58 U.S. 232, 15 L. Ed. 132, 17 How. 232, 1854 U.S. LEXIS 513
CourtSupreme Court of the United States
DecidedFebruary 15, 1855
StatusPublished
Cited by84 cases

This text of 58 U.S. 232 (McBlair v. Gibbes) is published on Counsel Stack Legal Research, covering Supreme Court of the United States primary law. Counsel Stack provides free access to over 12 million legal documents including statutes, case law, regulations, and constitutions.

Bluebook
McBlair v. Gibbes, 58 U.S. 232, 15 L. Ed. 132, 17 How. 232, 1854 U.S. LEXIS 513 (1855).

Opinion

Mr. Justice NELSON

delivered the opinion of the court.

This is an appeal from. a decree of the circuit court of the United States for the district of Maryland.

The bill was filed by the administrator of Lyde Goodwin against the executors of Robert Oliver, to recover the proceeds of a share in an association called the Baltimore Company, *234 which had a claim against the Mexican government, that was allowed under the convention of 1839, “ for the adjustment of claims of citizens of the United States against the Mexican Republic.” The claim of the company was founded on a contract with General Mina, in 1816, for advances and supplies in fitting out a military expedition against the dominions of the King of Spain. The bill also sought to recover a commission of five per centum, which the members of the company had agreed to give to Goodwin, for his services as agent in soliciting the claim against Mexico. The share and commissions, as charged, amount to $67,337.15.

The executors of Oliver set up a right to retain the fund for the benefit of the estate, under and by virtue of a purchase of Goodwin’s share in this company, and also of his right to the commissions, by their testator, in 1829. The purchase and transfer took place the 30th May, in that year, for a good and valuable consideration.

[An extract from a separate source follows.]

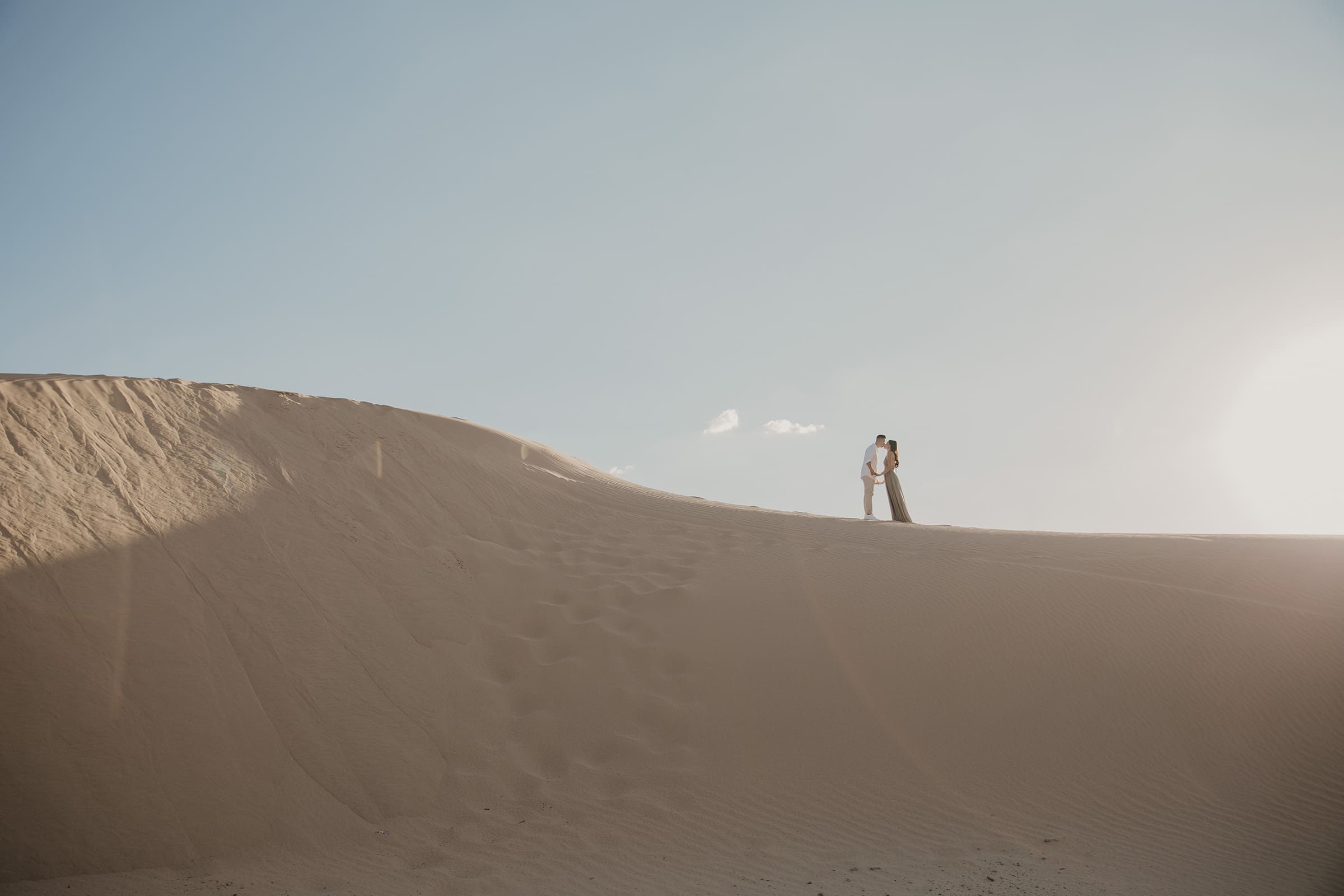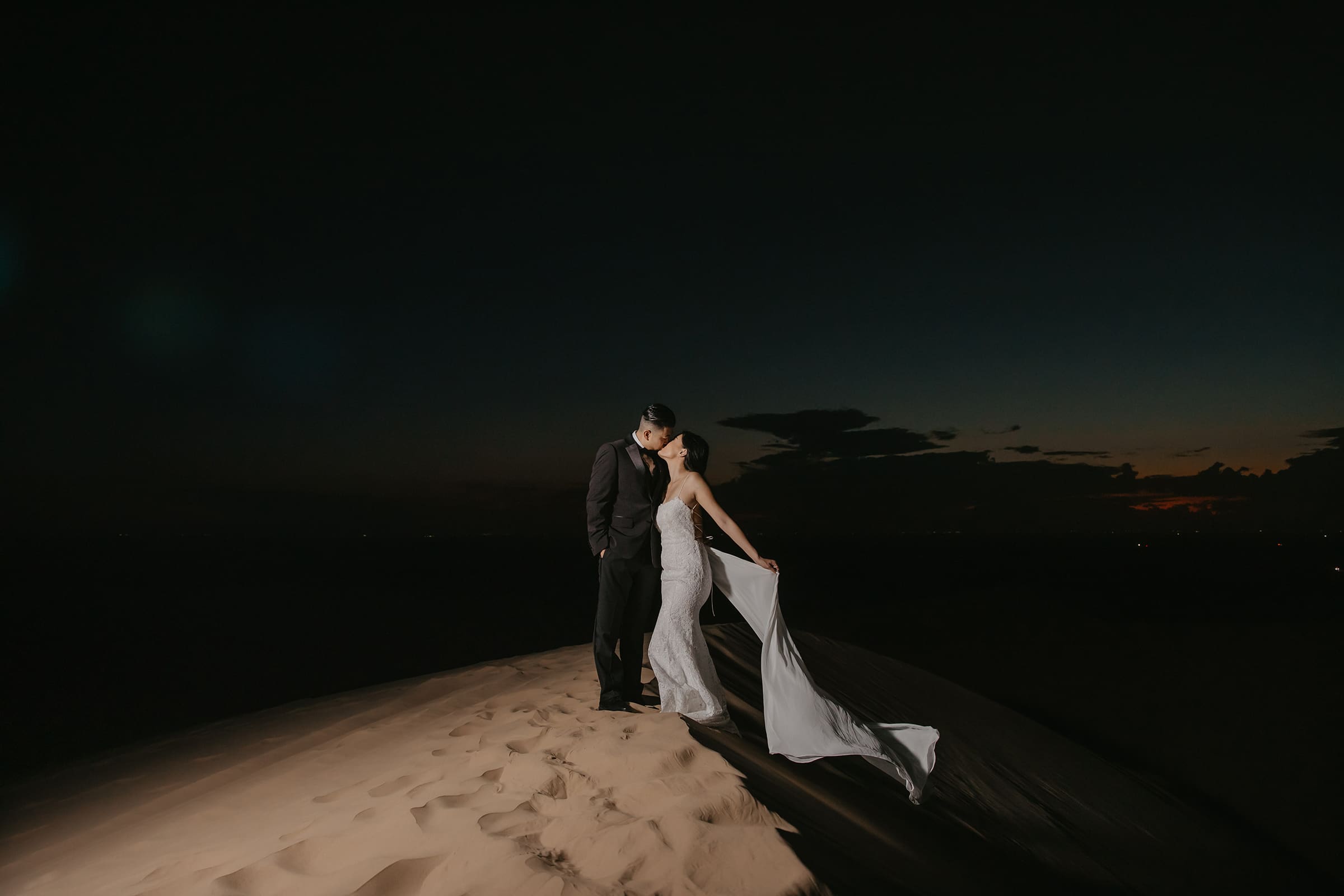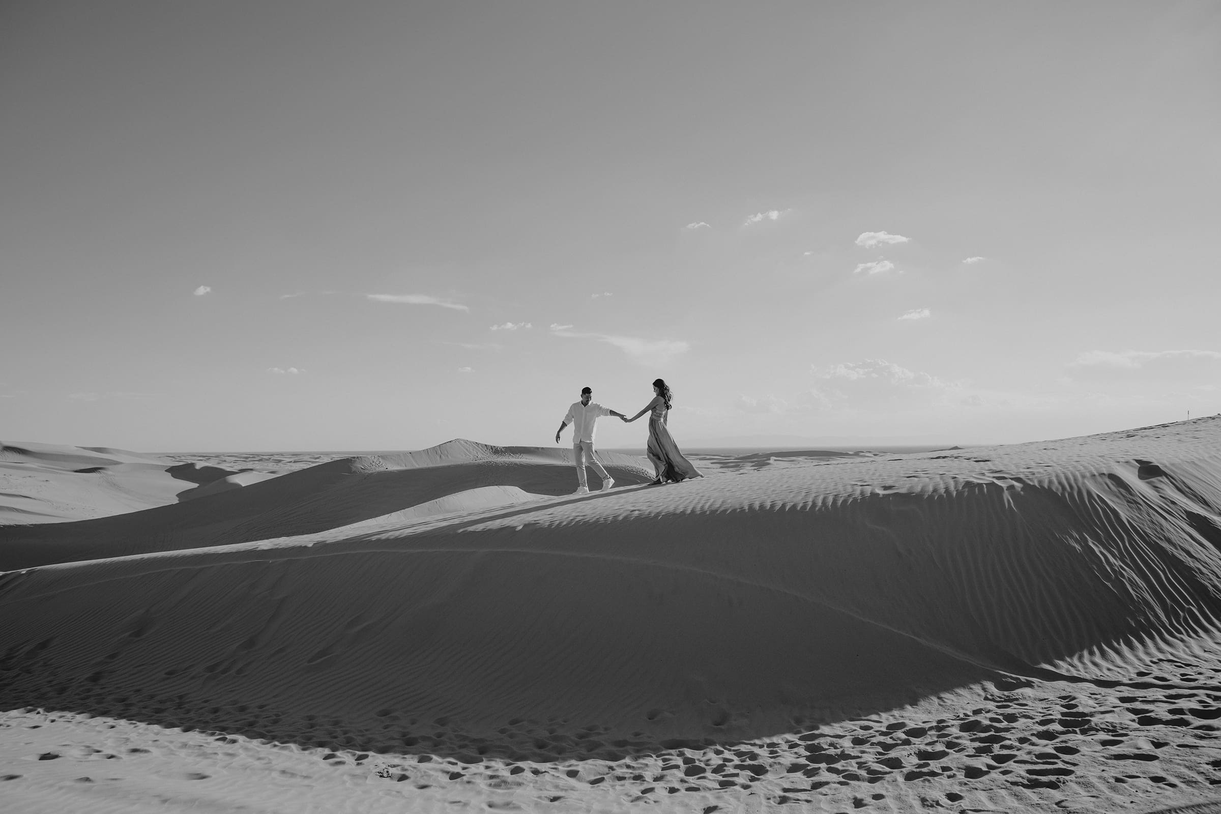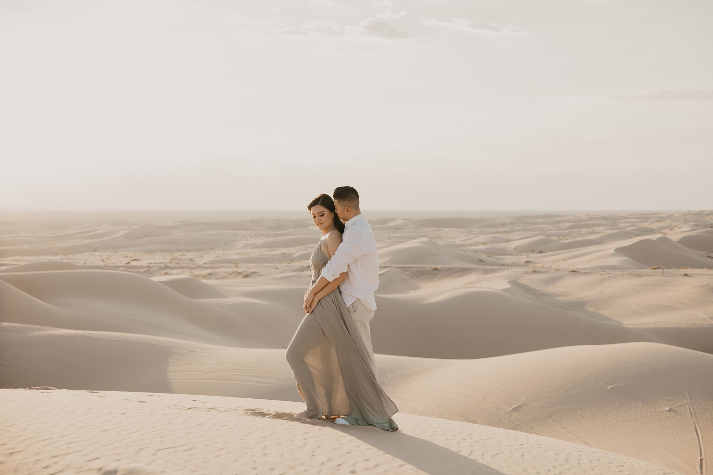 We chased the light as it softened into twilight, capturing intimate moments amid the vast desert landscape—hands intertwined, playful glances, and quiet embraces that spoke volumes. The session extended into the evening, embracing the magic of low light and long shadows, turning the dunes into a private stage for their love story.

A question was made on the argument, whether or not the assignment of Goodwin was sufficiently comprehensive to include a right to the commissions as well as to the proceeds of the share. We are satisfied that it is. The language is very broad: “ All my undivided ninth part, right, title', and interest, of every kind whatever, in the claim on the government of Mexico,” &c. And again :■ “ The object and intention of this agreement is to make a full and complete transfer to the said Robert Oliver, of all my right, title, and interest aforesaid,” &c. The commissions were dependent upon the allowance of the claims of the company against Mexico, and, of course, an interest intimately connected with them; without the allowance of the one, the other would be valueless.

The understanding of Goodwin himself, of the intention and effect of the assignment, accords with this view, as derived from his deposition taken in behalf of the claims of the company, and used before the board of commissioners; and also from his testimony in the proceedings before the Baltimore county court, for the distribution of the fund among the several claimants.

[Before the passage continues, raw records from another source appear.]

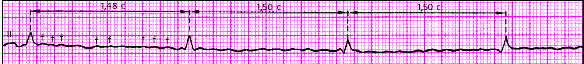 | Рис. 3.60. ЭКГ при вставочной (интерполированной) желудочковой экстрасистоле. Компенсаторная пауза отсутствует |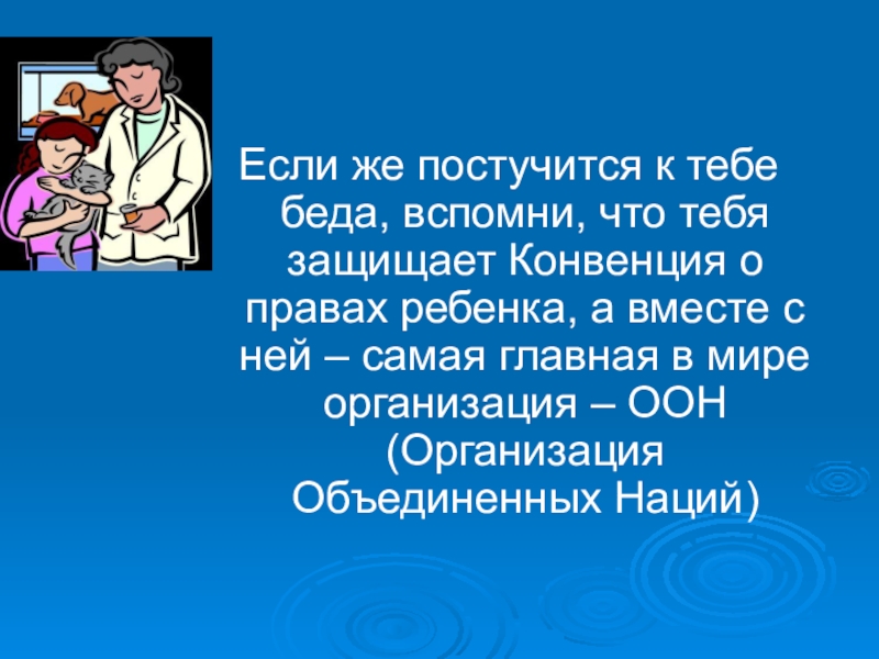 тебе беда, вспомни, что тебя защищает Конвенция о правах ребенка, а вместе с ней – самая главная в мире организация – ООН (Организация Объединенных Наций)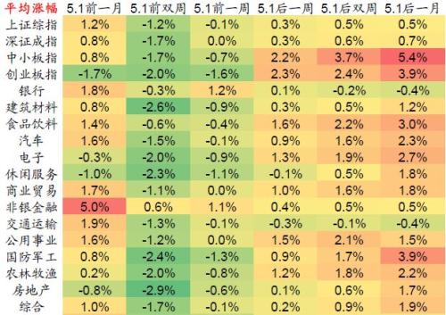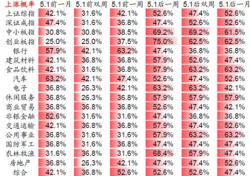 广发证券(000776,诊股)研报显示,从2000年至2018年的合计19个五一长假情况分析,五一之后第一周和第二周,上证综指的上涨概率分别为52.6%和47.4%,整体涨跌偏向性并不明显。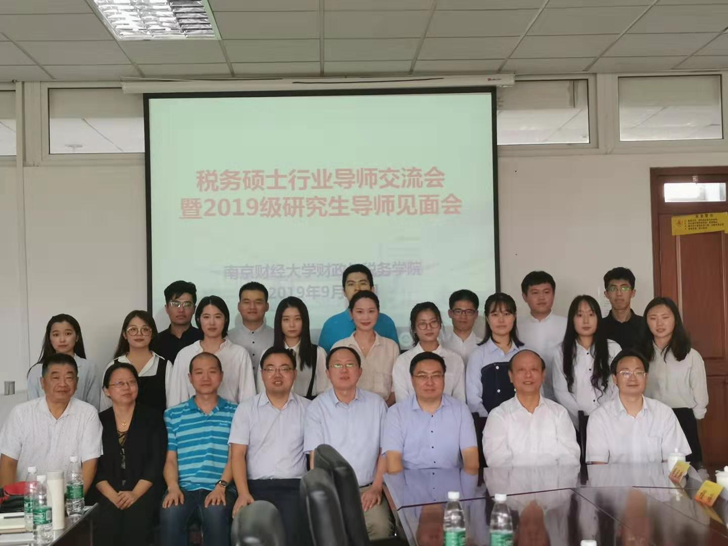 校内导师、校外导师并行,理论教学与实践相结合的“双导师”制度是专业硕士的有效培养方式。为进一步加深校内、校外导师的沟通,加强学生与校外导师的互动交流,9月21日下午,财税学院在bat365仙林校区德经楼408会议室召开了税务硕士行业导师交流会暨2019级研究生导师见面会。江苏省人大财经委江建平、江苏文投集团王国丰、江苏宿迁税务局吴健、中国邮储银行南京庐山路管辖支行于文国等行业导师以及学院部分党政领导和教师、全体19级税务专业硕士研究生参加了见面会。会议由财税学院副院长管永昊主持。

This share of Lyde Goodwin in the company, and his commissions, have heretofore been the subject' of consideration in this court. The case is reported in 11 How. 529. George M. Gill, the permanent trustee of Goodwin, who had taken the benefit of the insolvent laws of Maryland in 1817, claimed this fund before the Baltimore county court as part of the estate of the insolvent, against the right and title of the executors of Oliver, claiming under this assignment of 1829. The Baltimore county court held that the fund passed by the- insolvent assignment of 1817, to Gill, the permanent trustee. The case was *235 taken to the court of appeals of Maryland, where the decree was reversed, and the fund distributed to Oliver’s executors, the appellate court holding that the contract of the company with General Mina was made in violation of the neutrality act of the United States of 1794, and, being thus founded upon an illegal transaction, constituted- no part of the property or estate of the insolvent within the meaning of the Maryland insolvent laws. Gill brought the case to this court under the 25th section of the judiciary act, for the purpose of revising that decision; but the court dismissed the case for want of jurisdiction, a majority of the judges holding that the only question involved in the decision below was the true construction of a statute of the State, and that it belonged to the Maryland court to interpret its own statutes. Whether that interpretation was right or wrong, was a matter with which this court had no concern.

Gill, the permanent trustee, having thus failed to establish a title to the fund under the Maryland insolvent laws, the litigation is again revived respecting the fund, in behalf and for the benefit of the personal representatives of Goodyvin, on the ground that the moneys realized upon the contract with General Mina, from the Mexican government, is to be regarded as a subsequent acquisition of property by the insolvent, belonging to his estate, and to be dealt with accordingly.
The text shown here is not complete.